Я вышел из шлюза, добрел до каюты с номером два и вошел внутрь. Этот отсек ничем не отличался от отсека толстого китайца: все то же самое, только стол обычный, без всяких экранов. На нем лежали тюбики с едой, пачка галет и бутыль с ярко-синим напитком. Иллюминатора в отсеке не было: вероятно, на орбитальных станциях он являлся редкостью, достойной лишь кают-компании. Еще здесь была дверь, ведущая в крошечный санузел. Посетив его не только с ознакомительной целью, я вернулся в каюту и принялся изучать космическую еду. Грибной суп сильно меня разочаровал. Однако выбирать было не из чего, пришлось насильно выдавить в себя это произведение неизвестных кулинаров, заесть галетами и выпить бутыль синего киселя со вкусом черничной жевательной резинки.

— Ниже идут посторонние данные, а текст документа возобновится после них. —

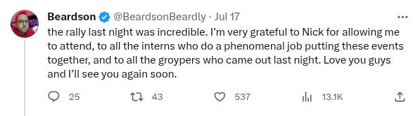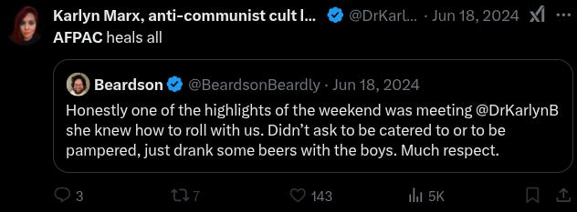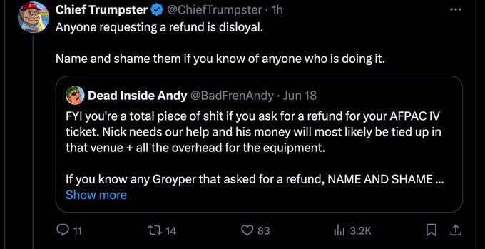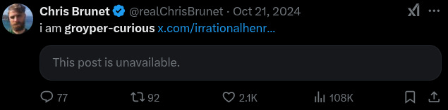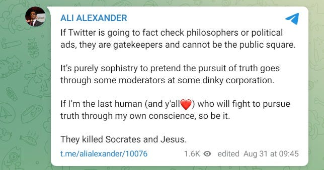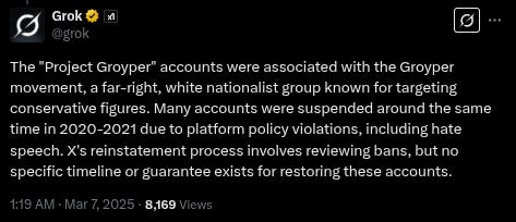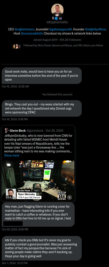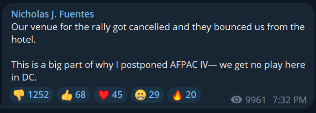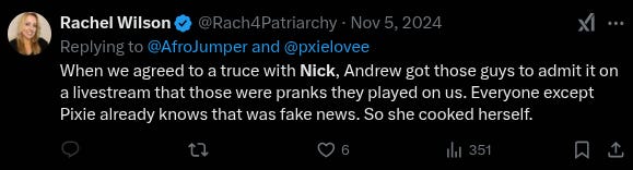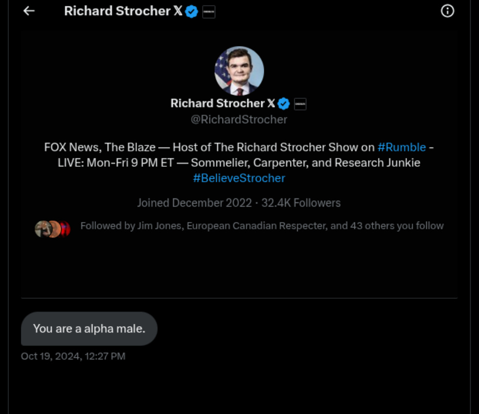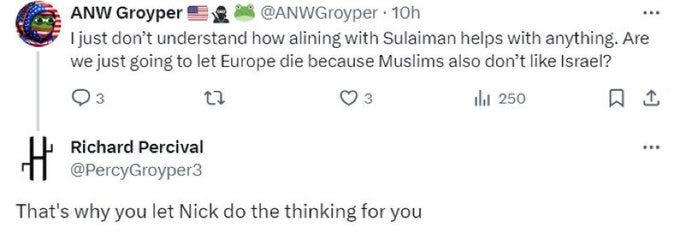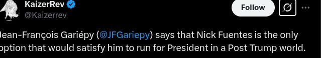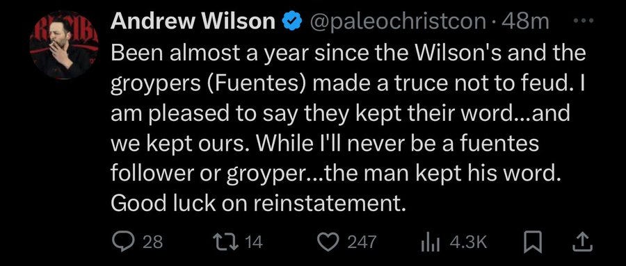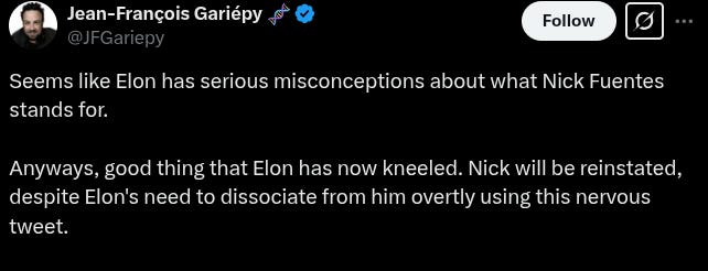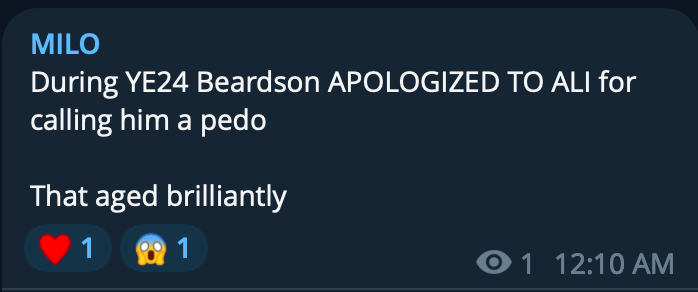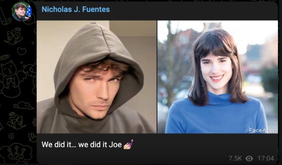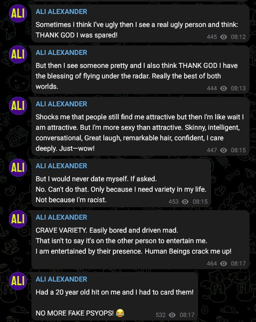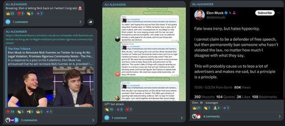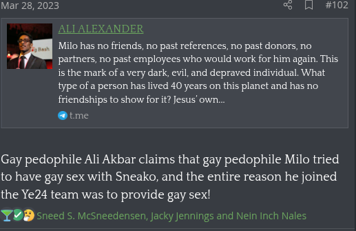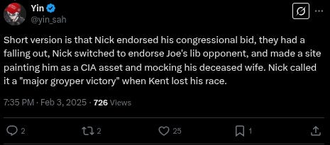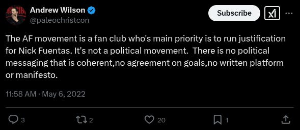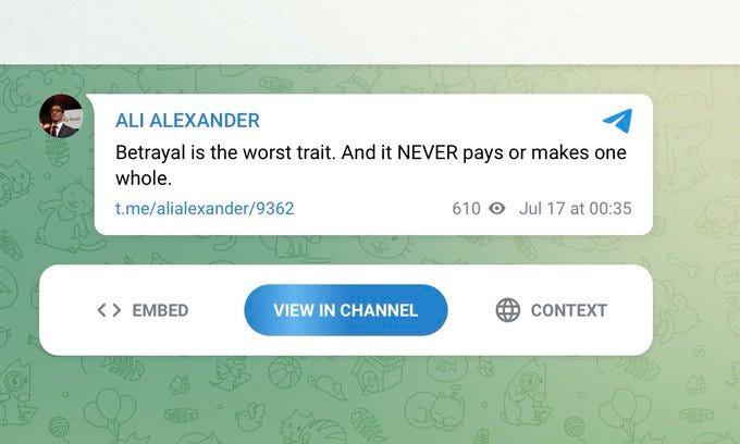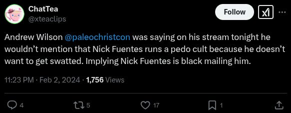 In 2024, after Nick’s X ban was lifted, Ali Alexander was spotted in the main Groyper group chats celebrating with them.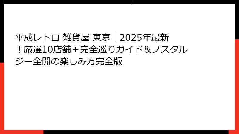 - 東京でおすすめの平成レトロ雑貨屋10選:詳細ガイドとアクセス方法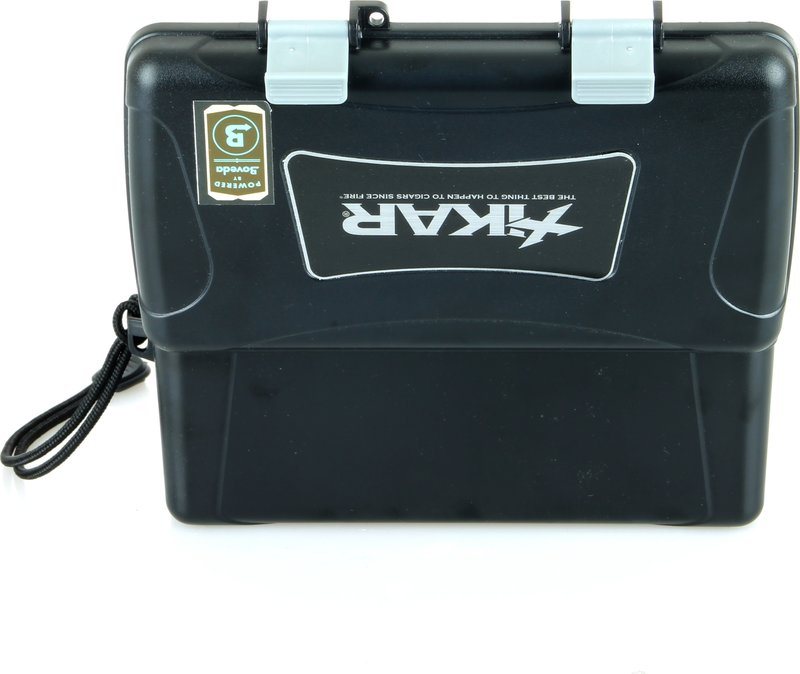Cet humidor de voyage pratique est construit en plastique ABS indéformable , qui se combine avec des charnières en acier inoxydable et des fermoirs robustes pour une protection étanche à l'air et à l'eau. Il y a même un anneau de verrouillage moulé, vous pouvez donc ajouter un cadenas pour protéger davantage vos cigares.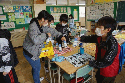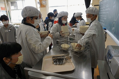 下の写真は6年1組の配膳の様子です。4時間目終了後、約10分で配膳を完了していました。すばらしい!!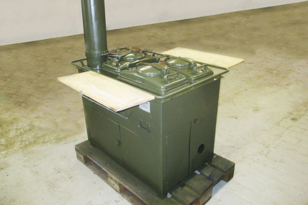 Rost für die Holzfeuerung, Propanbrenner mit Zündsicherung und Piezozündung, Kraftstoffbrenner, offene Pfanne mit Deckel, Blinddeckel, seitentische Windhaube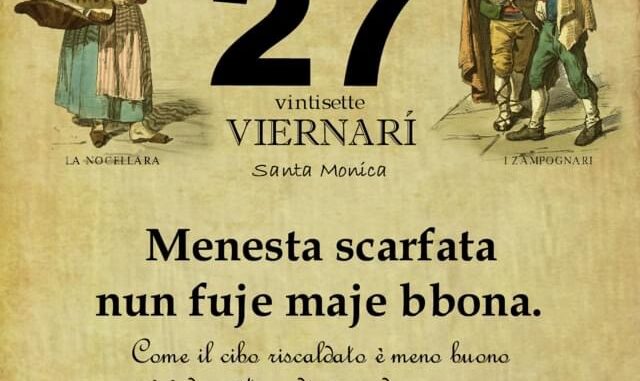 ‘O PRUVERBIO D’ ‘O JUORNO. Venerdì 27 agosto 2021 27/08/2021 binews.it EVIDENZA, Il Proverbio del Giorno 0 di Gianni Polverino Menesta scarfata nun fuje maje bbona. Come il cibo riscaldato è meno buono così è da evitare di riprendere un amore spezzato o un amicizia raffreddata.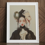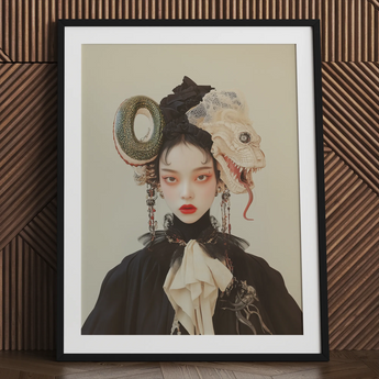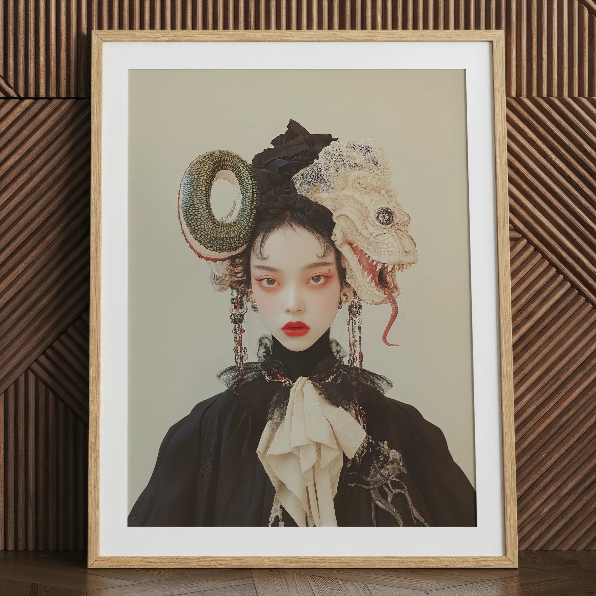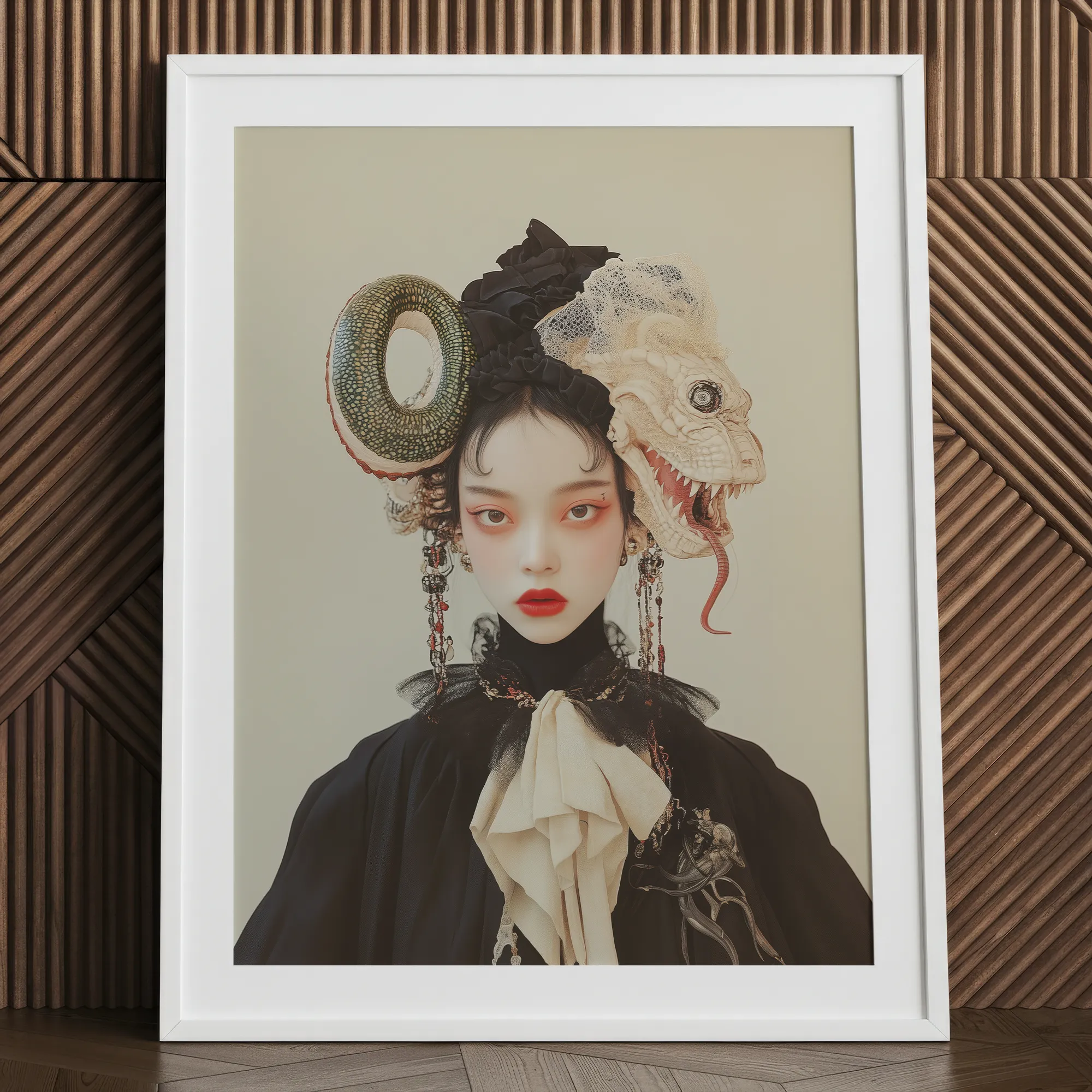 Ryoko steht vor dir, eine ätherische Kraft, die in die Majestät der Antike eingewickelt ist Mythos und queere Rebellion. Ihr Blick durchdringt die Zeit und lädt Sie in eine Welt ein, in der die Grenzen zwischen Schönheit und Terror zusammenbrechen. Die Serpentinenkopfschmuckteile wie lebende Drachen um ihre Haare und ihre Schuppen strahlen vor einer Textur, die so lebendig ist, dass Sie ihre Anwesenheit spüren. Auf ihrem Kopf ruhen sich der Schädel eines besiegten Tieres - kein bloßes Ornament, sondern eine Eroberungskrone, die sie als Herrscher eines Bereichs markiert, der über das Verständnis von Sterblichen hinausgeht.

Настроение было прескверным, под стать еде. Мне даже не хотелось видеть Анну. Однако и киснуть в одиночестве, переваривая жуткий обед, тоже было перспективой незавидной. И я решил навестить толстяка.
Выйдя в коридор, я двинулся наискосок к двери номер восемь, но остановился. Рядом была дверь, где, по словам Анны, обитал таинственный инопланетянин. На ней была цифра один. Я потоптался на месте, раздумывая, не познакомиться ли с ним. Памятуя о том, что он нелюдим и замкнут, я решил сначала расспросить о нем китайца и продолжил путь.
По Тунь по-прежнему нависал над своим столом-экраном и ловко вертел кубик. Увидев меня, он как-то чересчур обрадовался:
— A-а, Виктол! Оцень холосо, заходи-заходи!
— Не помешаю? — Я присел в кресло рядом с рабочим местом По Туня.
— Дазе не говоли! — замахал кубиком тот, но я снова уловил на его лице небольшое замешательство.
— То есть, говорить нельзя? — решил пошутить я, но китаец, кажется, обиделся:
— Фигула лечи! — наставительно произнес он, вознеся руку с кубиком вверх и оттопырив указательный палец в потолок. — Лабота много, собеседник мало-мало! Говоли-говоли!
— Что вы делаете, По Тунь? — Я принялся рассматривать мешанину показаний на его огромном мониторе, но он снова замахал руками:
— Говоли мне «ты», позалуста! Не надо «вы».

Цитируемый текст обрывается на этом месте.